WHAT IS EXPECTED >> Copy the closing run of lines, from the one with "大东女靴雪地靴2025冬季新款复古绒面平底棉靴加绒加厚中筒靴短靴" through the last line of the listing, exactly and without any pictures.

Start of Block

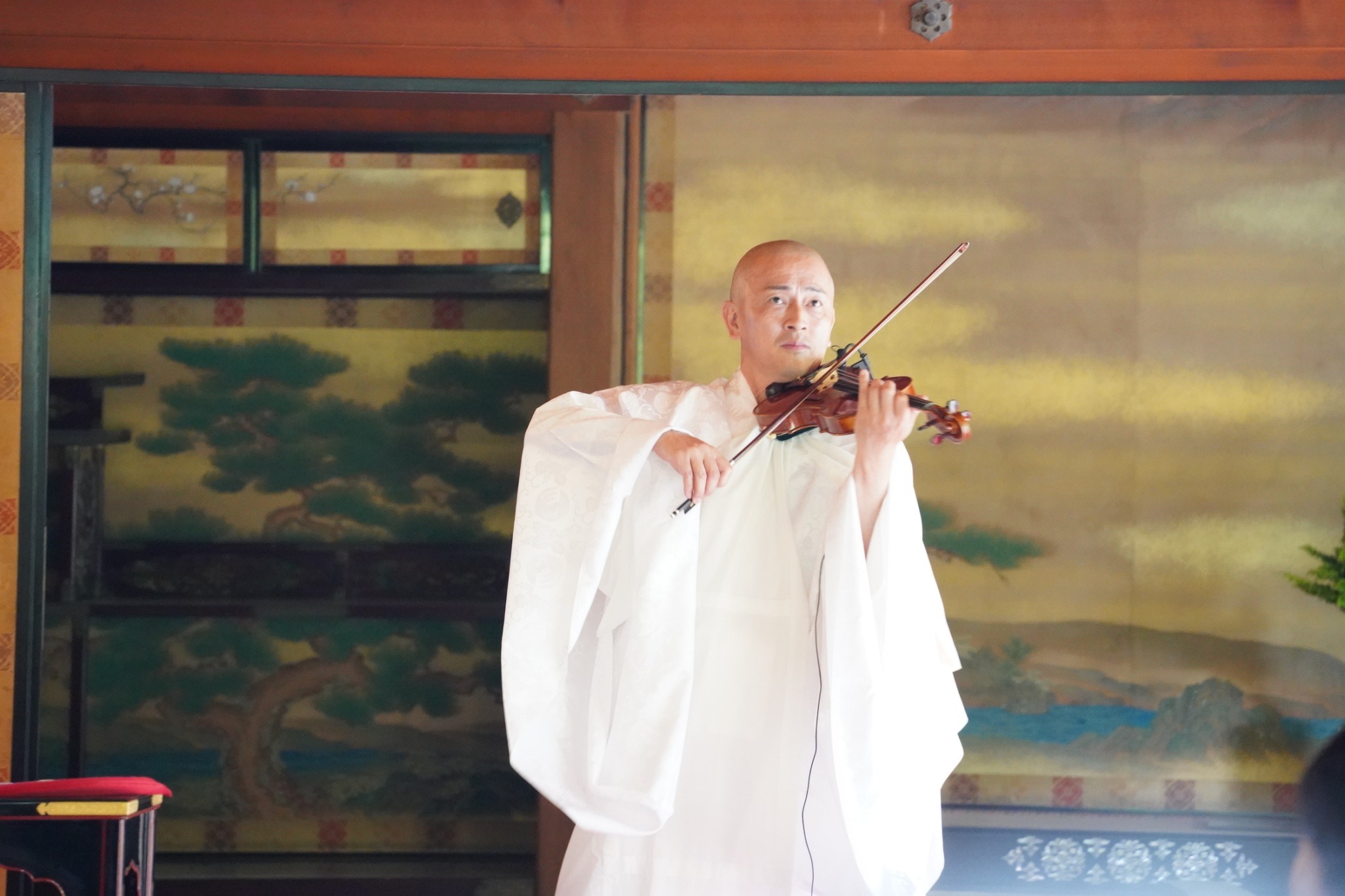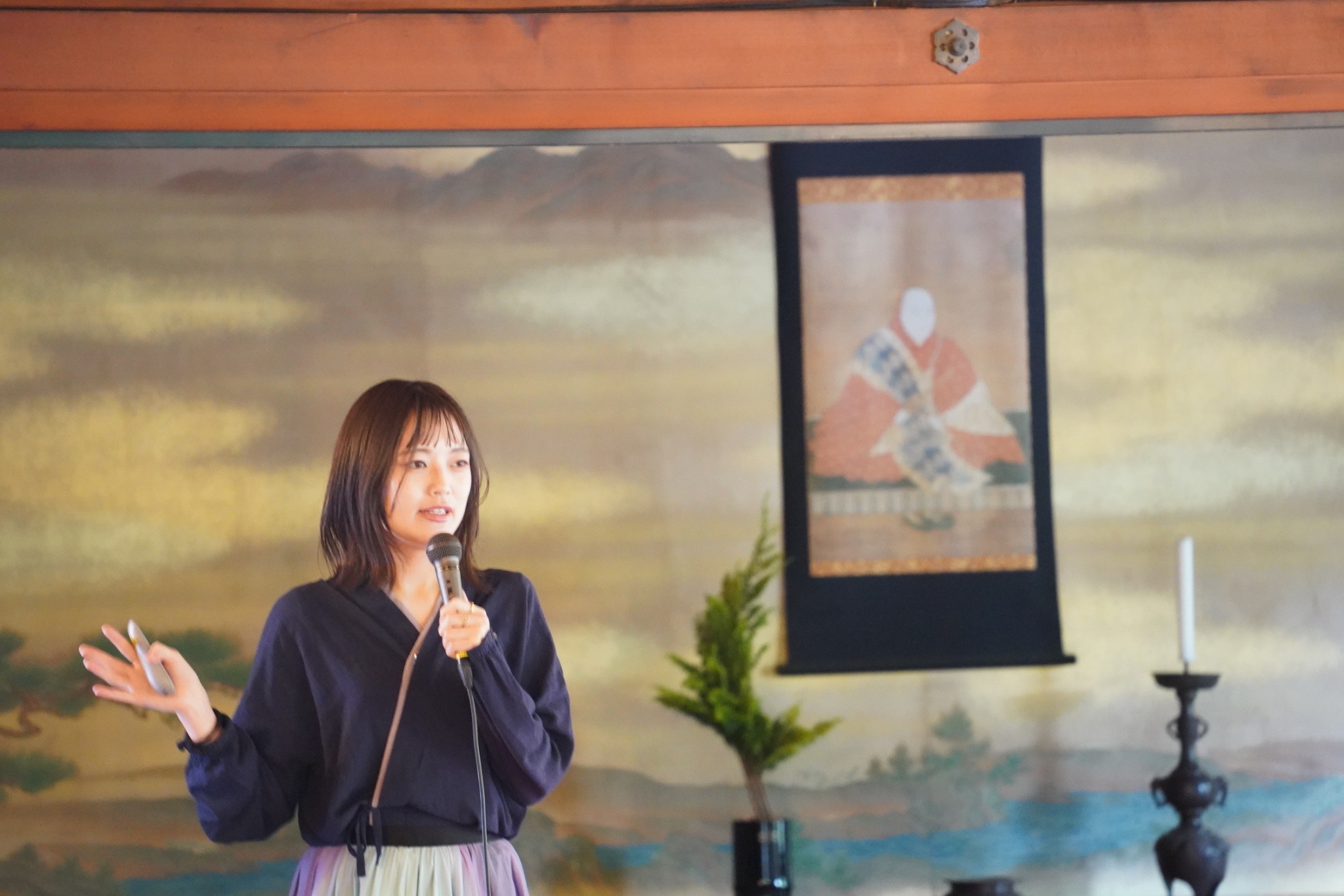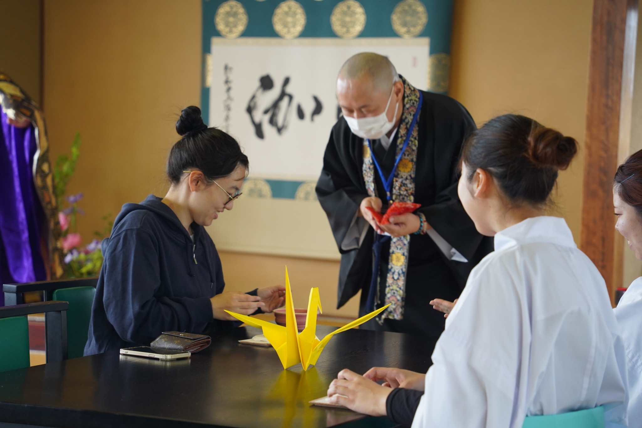 今回、おむろ超縁日に初日だけですが、大内の間でのお抹茶サロンのお手伝いとして参加させていただきました。 お抹茶サロンでは抹茶とお菓子を出して少し雑談をさせていただきましたが、遠方からこの日の為に来られた方が多く見受けられたように思います。全体の約2割は外国人の方もお抹茶を体験し、お抹茶を飲みながら法衣に興味を持っているという感じが印象的でした。 誰かが法衣を着てみたいと手に取り着ていると、他のお客様は全員その方に注目をして、衲衣など普段目にすることができない衣体をどうやって着るのか、この法衣はどこで使用するんだろう、みたいな疑問を持ちながら着ている法衣を無我夢中で眺めていました。 時には外国人の方が法衣を纏ったとき、背が高く衣装が似合っているときには、拍手等をしてお抹茶サロンの空間が皆様で1つに統一されている様な場面もありました。 参拝者の方と話をしていると、世間話から政治の話をする方もおられたりと表向きな話が多かったが、少し深く話をすると悩みを打ち明けてくれる様な方もいました。そこに対してはこうした方が良いよというアドバイスより、こちら側が聞いてあげる事により沢山お話をしてくれたし、帰られる頃には満足したのか笑顔でお礼を言われ足軽に帰られた様な印象の方もいらっしゃいました。法事などでの法話ではない雰囲気の中、お話をするという貴重な経験をすることができました。
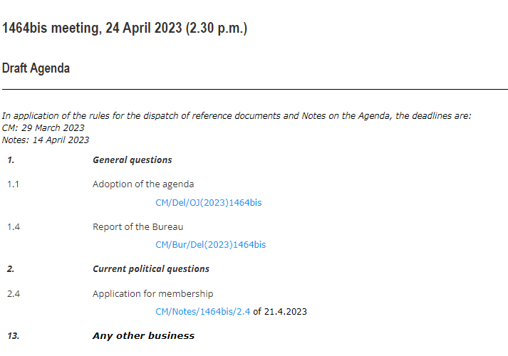 Në agjendën e publikuar në faqen zyrtare të KiE-së, figuron si pikë 2.4 “aplikimi për anëtarësim” i një shteti.
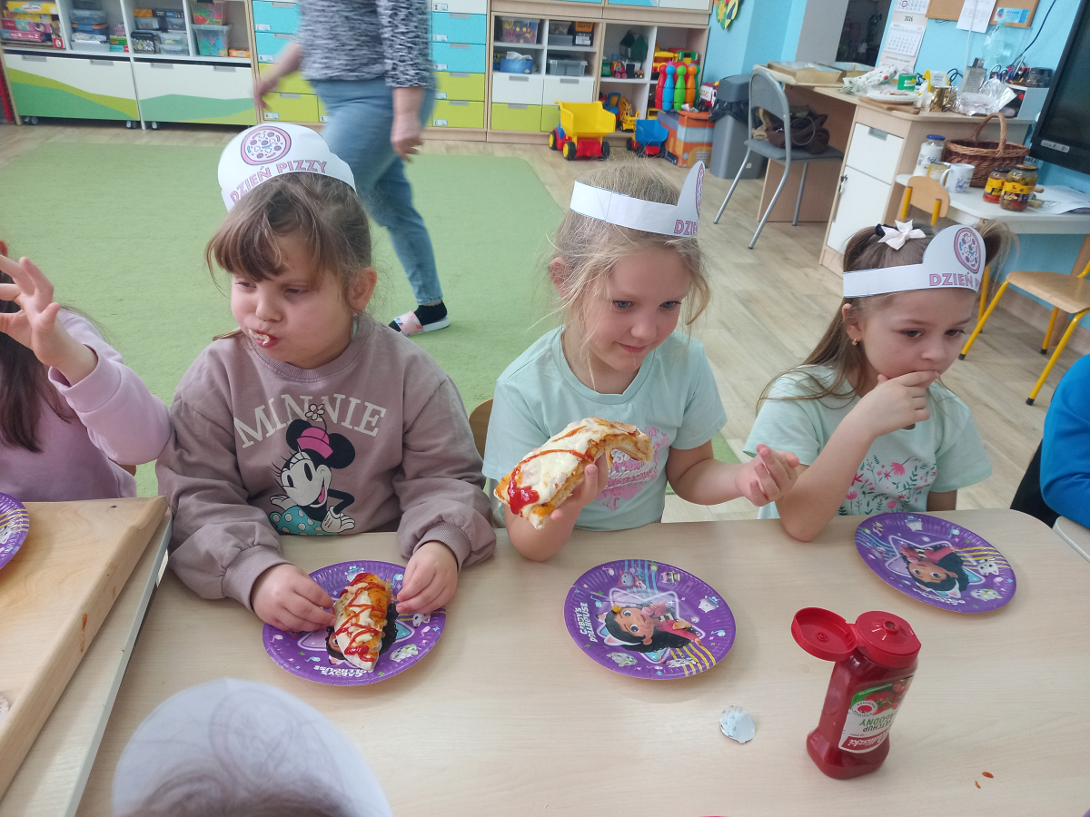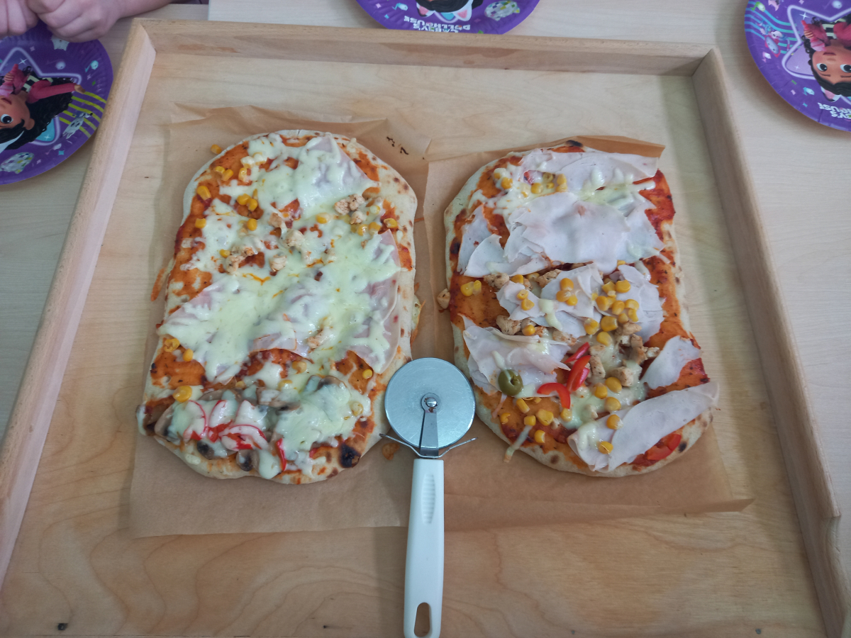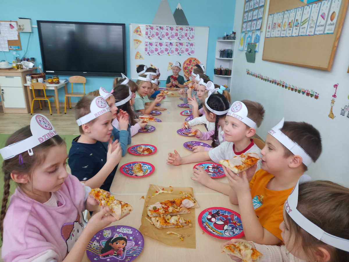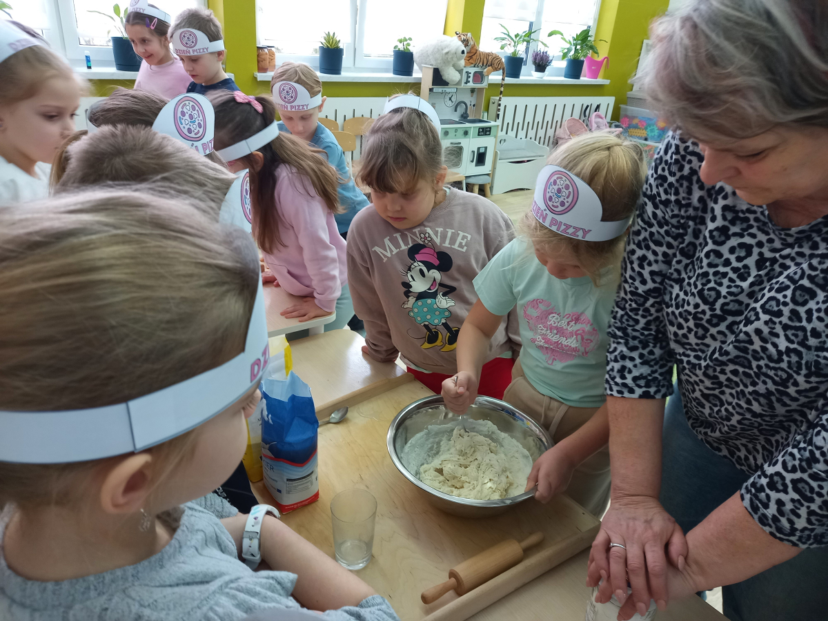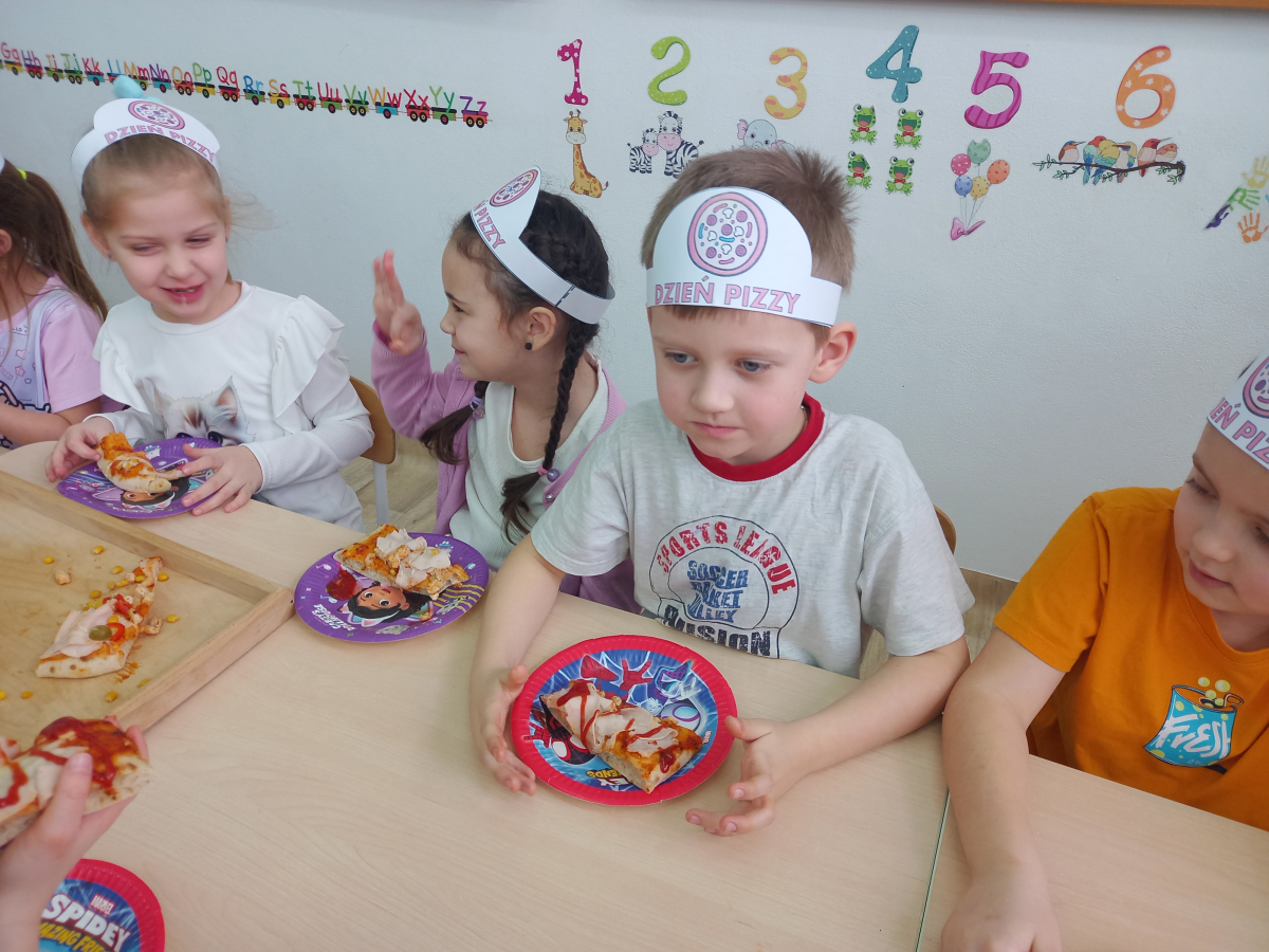 Dziś w naszym przedszkolu obchodziliśmy Dzień Pizzy. Dzieci miały okazję samodzielnie przygotować swoje pyszne pizze – smarowały ciasto sosem, wybierały ulubione składniki i tworzyły kolorowe kompozycje. Było przy tym mnóstwo radości, śmiechu i świetnej zabawy!
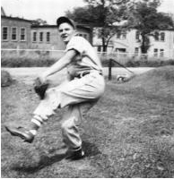 准备向塞勒姆街对面的友好”邻居”投出”曲线球”,1950年。
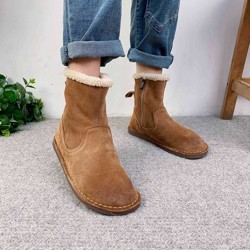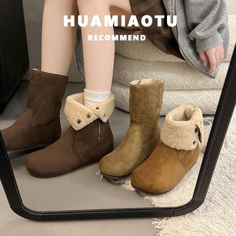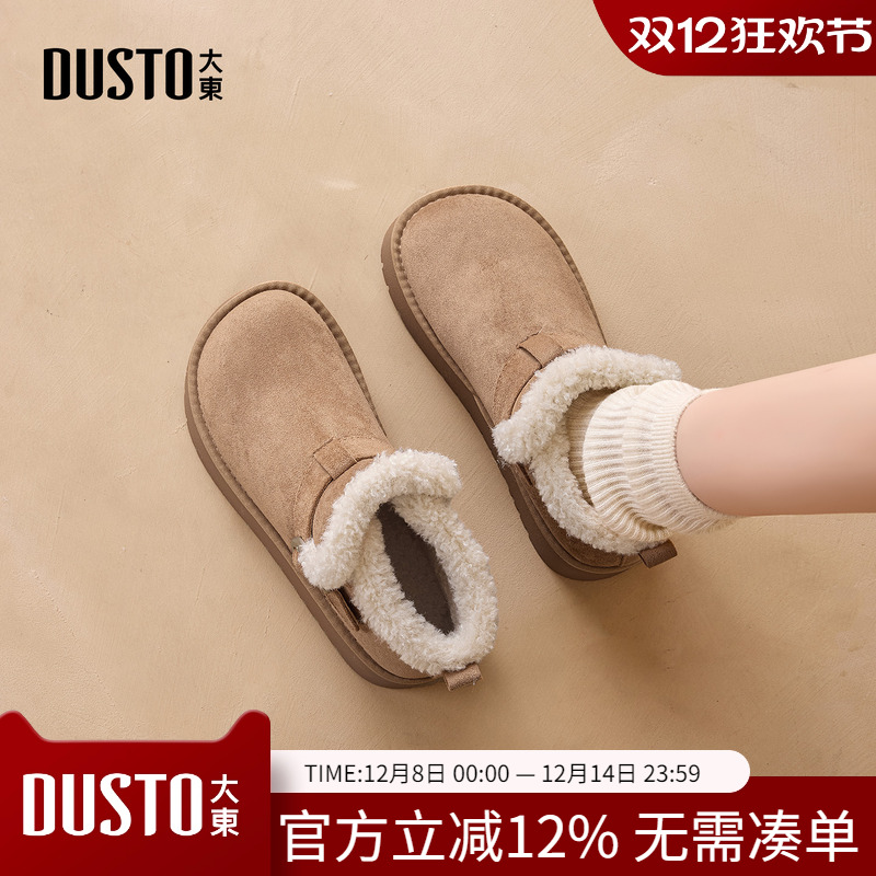 大东女靴雪地靴2025冬季新款复古绒面平底棉靴加绒加厚中筒靴短靴
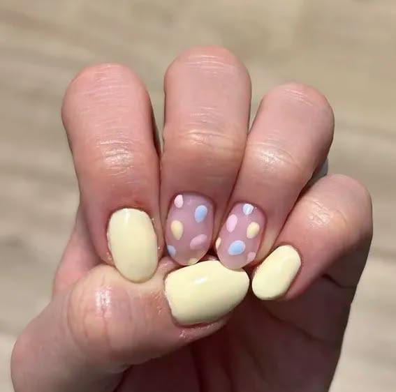 Light pastel yellow nails are paired with sheer pink accent nails decorated with soft pastel polka dots. The design feels playful, minimal, and perfectly inspired by colorful Easter eggs. 🐣✨
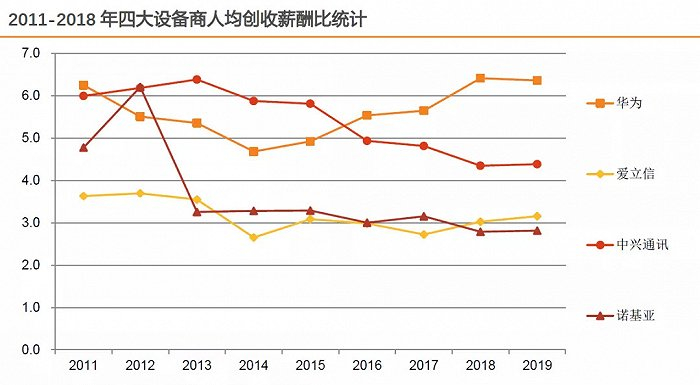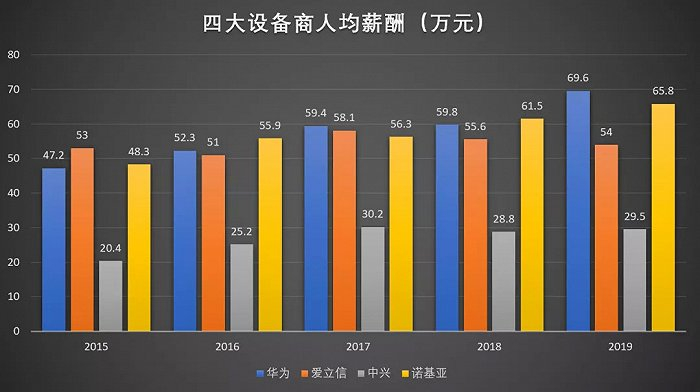从薪酬上看,前四大通信设备商中,中兴人均薪酬仅是另外三家一半。虽然中国有着工程师红利,但同是中国企业的华为,薪酬已经超越海外厂商,聚拢了一大批海内外人才,为其持续高速发展提供巨大助力。

End of Block

YOUR SOLUTION >>
 大东女靴雪地靴2025冬季新款复古绒面平底棉靴加绒加厚中筒靴短靴
 Light pastel yellow nails are paired with sheer pink accent nails decorated with soft pastel polka dots. The design feels playful, minimal, and perfectly inspired by colorful Easter eggs. 🐣✨
从薪酬上看,前四大通信设备商中,中兴人均薪酬仅是另外三家一半。虽然中国有着工程师红利,但同是中国企业的华为,薪酬已经超越海外厂商,聚拢了一大批海内外人才,为其持续高速发展提供巨大助力。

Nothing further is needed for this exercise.